After finishing the preprocessing, the curated list of sequence features is processed to a PostScript© output file that can either be obtained directly or, as the final step, can be converted to the graphics format chosen by the user (Figs. 2, 3). The resulting image file is available for download from the server for 3 days.
If desired, the PostScript© output file can be manually modified (e.g., to include additional features, labels) by importing it into PostScript© editor software (like Adobe Illustrator or the freeware tool Inkscape: http://www.inkscape.org/). However, for routine applications this will not be necessary.
Nomenclature conventions
According to the existing nomenclature conventions, the names of organelle-encoded genes are composed of three lowercase letters defining the protein or protein complex followed by an upper case letter or an Arabic numeral defining the subunit encoded by the specific gene. For example, the plastid gene psbA is specified as a photosystem II subunit by the abbreviation psb, whereas A denotes the gene product as the reaction center protein D1. Similarly, rps12 is composed of the three-letter abbreviation for the ribosomal proteins of the small subunit and the number of the subunit (S12). These nomenclature conventions are usually correctly applied to protein-coding genes in GenBank entries of plastid and mitochondrial genomes. However, they are unfortunately not generally obeyed in the case of RNA genes, such as transfer RNA (tRNA) and ribosomal RNA (rRNA) genes. Screening through GenBank entries, we have found a great variety of different gene name formats for such non-protein-coding genes. For example, the tRNA for tryptophan can be found annotated as ‘tRNA-Trp (UGG)’ or ‘tRNA-Trp anticodon: UGG’ or ‘tRNA-Trp codon recognized: UGG’, just to name a few of the many different names used. To unify the naming of tRNA genes and provide the shortest possible yet unambiguous description, OGDRAW applies the following format: trn(AMINOACID ONE-LETTER CODE)-(ANTICODON). Thus, the tRNA for alanine with the anticodon UGC is named trnA-UGC. Analogously, the denomination rrn(SIZE IN SVEDBERG UNITS) is used to specify rRNA genes (e.g., rrn16 for the 16S ribosomal RNA). Many of the organellar genomes deposited recently in GenBank already follow these guidelines. In all other cases, the ‘tidy-up’ option can be activated, and OGDRAW will then try to reformat the names to match the above format. Alternatively, the GenBank entry can be edited manually to correct odd gene names (see subsequently, and Figs. 2, 3).
Use of the program
The OGDRAW webtool providing a simple-to-use interface and additional information for the user is available at the following URL: http://ogdraw.mpimp-golm.mpg.de/. The successful use of OGDRAW requires no special knowledge and is largely self-explanatory. The program offers extremely simple and user-friendly input options. All input information required is entered in just two simple screens: (1) a first screen to enter either a GenBank accession number or upload a file and (2) a second screen allowing the user to define the desired output options (Fig. 1). The program’s output is highly customizable with respect to the features to be included in the map (e.g., gene classes, restriction enzyme cleavage sites, inverted repeat regions, GC content graph) as well as the output file type (Fig. 1). Useful standard features are activated by default so that an off-the-shelf map can be created directly by a single click on the ‘Create map’ button (Fig. 1). In addition to the PostScript© vector image format, OGDRAW offers an array of raster image formats (TIFF, JPEG, GIF and PNG) and also allows the user to choose the desired resolution. A 600 dpi high-resolution publishing quality map is usually computed in just a few seconds.

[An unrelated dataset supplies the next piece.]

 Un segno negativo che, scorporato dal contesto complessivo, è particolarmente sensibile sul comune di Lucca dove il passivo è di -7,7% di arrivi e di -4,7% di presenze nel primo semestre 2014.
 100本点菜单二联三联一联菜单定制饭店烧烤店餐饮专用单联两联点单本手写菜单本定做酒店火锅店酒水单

OGDRAW uses inner/outer circle depiction to visualize the transcriptional orientation of genes. Genes annotated in the GenBank entry as ‘complement’ are shown in the inner circle and transcribed clockwise (Figs. 2, 3). All genes transcribed counterclockwise are shown in the outer circle.
A limited number of mitochondrial DNAs map as linear genomes. OGDRAW recognizes linear genomes and automatically draws them as linear maps. An additional option available for both linear and circular genomes is to zoom into the genome and let OGDRAW display only a pre-defined region.

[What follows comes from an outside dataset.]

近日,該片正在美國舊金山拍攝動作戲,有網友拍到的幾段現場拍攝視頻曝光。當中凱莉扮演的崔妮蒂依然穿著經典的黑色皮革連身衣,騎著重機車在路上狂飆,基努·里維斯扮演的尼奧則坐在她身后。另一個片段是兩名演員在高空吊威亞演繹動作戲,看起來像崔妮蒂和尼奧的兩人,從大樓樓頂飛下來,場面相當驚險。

Although even first-time users will not need more than a few minutes to obtain a genome map with OGDRAW, it is important to realize that the quality of the map content depends on the quality and correctness of the input file. If the provided GenBank file contains annotation errors, awkward features or odd gene names not conforming to the standard nomenclature for organellar genes (see above), these problems are likely to be carried over into the map displayed by OGDRAW. The frequently asked questions (FAQ) section of the OGDRAW web site (http://ogdraw.mpimp-golm.mpg.de/) provides solutions for problems caused by inaccuracies in GenBank files. Odd gene names, for example, can be easily dealt with by downloading the GenBank file, opening it in a text editor like ‘Notepad’ (Windows), ‘TextEdit’ (Mac) or ‘Kate’ or ‘Gedit’ (Linux), searching for the odd name and directly editing it in the copy of the GenBank file (Figs. 2, 3). If then the modified version of the file is uploaded to OGDRAW, the corrected map will display. Another problem that occasionally arises comes from unconventionally annotated split genes. For example, in the latest GenBank entry of the Arabidopsis thaliana mitochondrial genome (Y08501.2), intron-containing genes are not annotated as single contiguous ‘gene’ loci, but instead are annotated as split loci. (Normally, one would annotate the ‘gene’ locus contiguously from the start to the stop codon and annotate the split gene structure under the ‘CDS’, ‘exon’ and ‘intron’ features in the entry.) The annotation is correct in the genome version deposited in the RefSeq database (NC_001284; with the exception of the misannotated trans-spliced nad1 locus), which therefore displays better than the latest GenBank version (cp. Unseld et al. 1997). If the latest GenBank version is to be used for drawing a physical map with OGDRAW, the ‘gene’ features of intron-containing genes must be appropriately edited in a text editor. This can be done very easily, because it is sufficient to delete the information on the exon–intron structure from the ‘gene’ line.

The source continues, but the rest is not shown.